The knowledge of systematic traveltime differences in seismic recordings is essential for many important applications in exploration. Based on the assumption of locally coherent wavefields, I discuss the important concept of traveltime moveout and revisit the notion of virtual seismic sources, which, being central ingredients of the famous normal incidence point (NIP) and normal wave experiments, make use of reciprocity and raypath symmetries to replace the generally complex two-way ray geometry of a reflection by analogous simplified one-way propagating wavefronts. Using this concept of virtual seismic sources, I re-derive the well-known traveltime moveout expressions of the hyperbolic common reflection surface (CRS), multifocusing and the recently introduced implicit CRS operator, solely based on the simple geometry of straight rays and circular wavefronts. In the cause of these derivations I find, that the double-square-root moveouts of multifocusing and the implicit CRS reduce to the same expressions Höcht found for the zero-offset section and the common-reflection-point (CRP) gather. In these domains, the traveltime moveout is fully governed either by the normal or by the NIP wavefront, which indicates a high potential for unification of these approaches.
Continuing this path of unification, I catch up ideas of de Bazelaire formulated in the late eighties and suggest two conceptually different mechanisms to justify the assumption of straight rays and circular wavefronts for generally heterogeneous media. While one of these mechanisms constitutes in a shift in velocity to account for overburden heterogeneity, in the second approach a constant shift of the reference time leads to the same adaption of the moveout, indicating a fundamental duality of higher-order expressions in heterogeneous media. Based on this dual formulation, I suggest generalized expressions for the classical common midpoint (CMP) hyperbola, the hyperbolic CRS moveout, multifocusing and the implicit CRS operator, for which the joint application of both mechanisms suggests exciting applications, like diffraction separation, multiple discrimination or the inversion of the excitation time of a passive seismic source, whose applicability is confirmed in synthetic and field data examples. Utilizing the formal coincidence of the fictitious NIP and the physically real passive seismic one-way experiment, subsequent inversion of the passive seismic wavefront measurements via NIP tomography resulted in a reasonable estimate of the true velocity gradient. In this framework, the often misinterpreted role of multifocusing gets a unique explanation.

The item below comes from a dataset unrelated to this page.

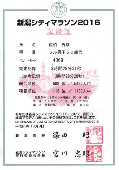 ■この復活?のフルマラソンまでの道のり? 1993年からランニング開始、翌1994年から大会出場も始める。 2011年に故障するまでの持ちタイム=自己記録(すべてグロス) マラソン 2時間57分55秒、ハーフ 1時間24分48秒、10km 39分14秒、5km 18分59秒 2011年11月 8日夜に左アキレス腱故障(右足で引っ掻き出血)、27日からランニング断念 2012年4月騙し騙しスロージョグを再開するも悪化、6月にジョグも断念 2012年 9月 ランニングを止めた代わりとして、ロードバイクに乗り始める 2015年 9月 スロージョグ再開 16日に県総合クロカンコースで3年3カ月ぶりの10qジョグ 2015年10月 滑川ほたるいかマラソン5q、4年半ぶりの大会出場、タイムは26分14秒(笑) 2015年11月 扇状地マラソンINにゅうぜん10q、タイムは1時間オーバー(笑) 2016年 4月 魚津蜃気楼マラソン・5q(伴走) 32分くらい 2016年 5月 黒部名水マラソン・10q(伴走) 1時間7分49秒 2016年 6月 坂井市古城マラソン10km 43分42秒 ハーフに備え、15qジョグを6回 2016年 7月 能登島ロードレース・ハーフ 1時間39分3秒 新潟シティマラソン・フルにエントリー 2016年 8月 フルマラソンに備え、31qジョグ、36qジョグ 2016年 9月 フルマラソンに備え、42qジョグ、21qペーラン 2016年10月 新潟シティマラソン・フル 3時間29分31秒 | ||

Complementing the moveout duality for heterogeneous media, I study the higher orders of these operators under controlled conditions and conclude that the fundamental notion of coupling is essential to explain the observed systematic differences. In that frame I find that the decreased performance of hyperbolic CRS for diffractions can be quantitatively explained by a lack of the necessary influence of the normal wave radius on the higher offset orders and consequently, a coupling strength, which is decreased by up to a factor of three, compared to the accurate diffraction reference. For diffractions, the study of the higher orders reveals that, while the midpoint half-offset coordinates obey the strongest possible coupling, the respective source receiver moveout contributions are completely decoupled for any reference offset. Following from this higher-order analysis, I, again, propose versatile applications, like finite-offset extrapolation, diffraction operator decomposition and partial CRS migration and demigration and proof their applicability for synthetic and field data examples.